House Intelligence Committee chairman Mike Rogers, R-Mich., (shown in the video above) said they're "ratcheting up" the timeline for declassifying information to better inform the public. The congressman bemoaned the misconceptions about the program, emphasizing that the collection of phone data does not include names. "There are no American names in that lockbox," he said. "There are only numbers in that lockbox."
After the full Senate received a closed-door briefing, Sen. Bob Corker, R-Tenn. said he "absolutely, no question" felt more comfortable with the surveillance programs.
"I can't imagine any U.S. senator sitting through a briefing we just had and not feeling thankful for the efforts NSA and others put forth," he said. "We were given some very specific and helpful information about how these programs have helped keep Americans safe, and it's my sense the American people may have information soon that helps them understand the order of magnitude."
While several members of Congress have defended the programs, others take issue with the broad surveillance tactics. Sen. Rand Paul, R-Ky., said Thursday he's exploring avenues through which he could file a lawsuit challenging the constitutionality of the court order that permitted the intelligence gathering.
"Americans are rightly concerned about having all of their phone records collected and monitored all of the time," Paul said. Balancing liberty and security is possible, but at this point, "perhaps we are overwhelming ourselves from data," he added.
"I believe we are more secure when we narrow our focus and target our suspects," the senator said.
The ACLU on Tuesday filed its own lawsuit on the matter. Because the government collected every Verizon record, practically "anyone with a cellphone," as Paul said Thursday, would theoretically have standing in a court challenge. More than 250,000 people have signed up online to join Paul's suit.
While Alexander and other executive branch officials have been briefing members of Congress both publicly and privately since news broke of the surveillance programs, House Speaker John Boehner, R-Ohio, said the administration should be doing more to defend the programs.
"This program does not target innocent Americans in any way, shape or form," he said to reporters. "I'm a little surprised that the White House hasn't stood up and made clear on an ongoing basis over the last week just how important these programs are."
Members of Congress Thursday also expressed concern about the fallout from the public revelations of the programs.
"The more we know, the more dangerous this situation becomes," Rogers said, noting that there are "changes we can already see being made by those who wish to do us harm and our allies harm."
The fact that Edward Snowden, a 29-year-old systems administrator, was able to obtain all the information he did and then make it public is also troubling, he said. Snowden "had access to pieces of information that he candidly did not understand," Rogers said. "Across the [intelligence community] lots of people are taking a very serious review of their whole operations."
Rogers called Snowden a traitor to the United States of America [who] should be punished to the full extent of the law." He also said "there's a lot of questions" about Snowden's decision to go to Hong Kong after leaking the information he had and his decision to communicate with the Chinese press.
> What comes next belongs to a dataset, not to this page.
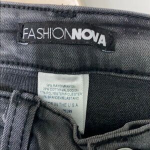 Fashion Nova gorgeous gray highly distressed Skinny Jeans size 5 in excellent condition. Waist is 13.5” and length is 26” .
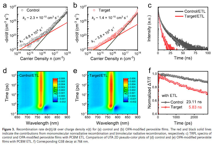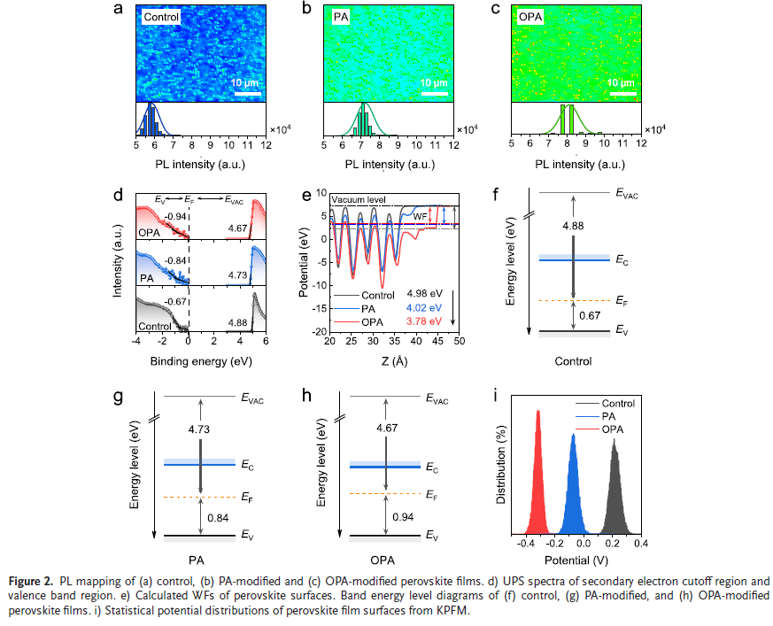 能带重构与电子提取增强:OPA修饰使钙钛矿表面费米能级上移,更匹配PCBM能级,加速电子提取,抑制界面复合。

Rep. Dutch Ruppersberger, D-Calif., the top Democrat on the House Intelligence Committee, added Snowden's decision to go to China "seems unusual."
"He's not a hero based on the evidence I have," He said. "We hope that Hong Kong and China will work with us to bring back someone who has broken the law."
In a separate press briefing Thursday, House Minority Leader Nancy Pelosi, D-Calif, agreed that Snowden committed a "prosecutable offense, and I think that he should be prosecuted."
Pelosi added that Congress should strengthen the Privacy and Civil Liberties Oversight Board, which was created in 2004. "We have to have the balance between liberty and security," she said.